COLLECTED MATERIAL: Begin

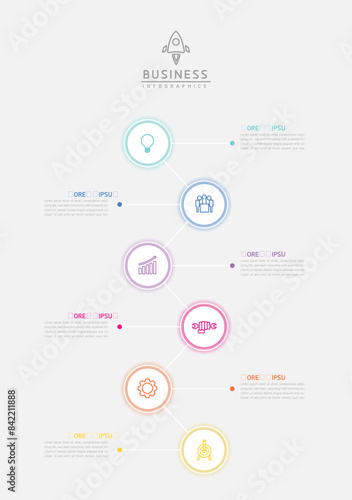 Vector infographic business presentation template with circular interconnection with 6 options.
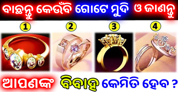 ବ୍ୟକ୍ତିର କହିବା ଓ ତାହାର ପସନ୍ଦ କରାଯାଉଥିବା ଜିନିଷ ତାହାର ଜୀବନ ଓ ସ୍ଵଭାବ ସହ ଜଡିତ କିଛି ରହସ୍ୟ ବିଷୟରେ ବି କହିଥାଏ । ତେବେ ଏହି ୪ଟି ମୁଦି ମଧ୍ୟରୁ ଗୋଟିଏ ବାଛନ୍ତୁ ଓ ଜାଣନ୍ତୁ ଆପଣଙ୍କ ବିବାହ କିପରି ହେବ ।
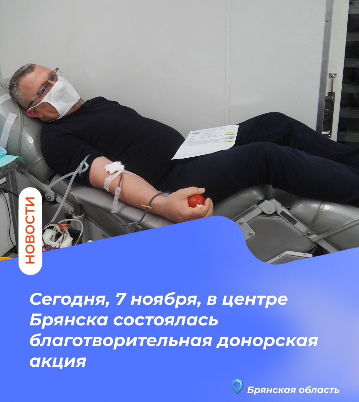 Сегодня, 7 ноября, в центре Брянска состоялась благотворительная донорская акция, приуроченная к знаковой дате в истории страны.
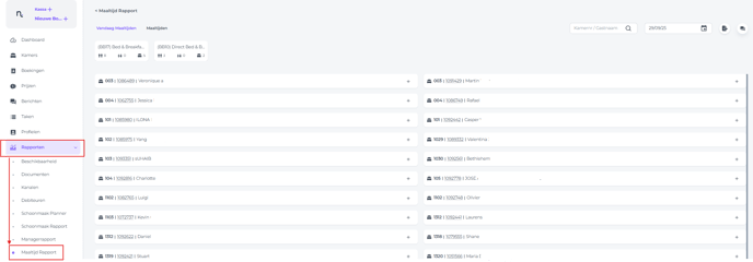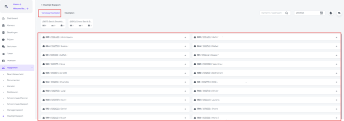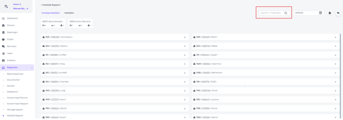 Je kunt in de zoekbalk rechtsboven in jouw scherm zoeken naar slechts één kamernummer of één gast per naam:

COLLECTED MATERIAL: End

Return each of the lines exactly as they appear above, with no images.

 Vector infographic business presentation template with circular interconnection with 6 options.
 ବ୍ୟକ୍ତିର କହିବା ଓ ତାହାର ପସନ୍ଦ କରାଯାଉଥିବା ଜିନିଷ ତାହାର ଜୀବନ ଓ ସ୍ଵଭାବ ସହ ଜଡିତ କିଛି ରହସ୍ୟ ବିଷୟରେ ବି କହିଥାଏ । ତେବେ ଏହି ୪ଟି ମୁଦି ମଧ୍ୟରୁ ଗୋଟିଏ ବାଛନ୍ତୁ ଓ ଜାଣନ୍ତୁ ଆପଣଙ୍କ ବିବାହ କିପରି ହେବ ।
 Сегодня, 7 ноября, в центре Брянска состоялась благотворительная донорская акция, приуроченная к знаковой дате в истории страны.
 Je kunt in de zoekbalk rechtsboven in jouw scherm zoeken naar slechts één kamernummer of één gast per naam:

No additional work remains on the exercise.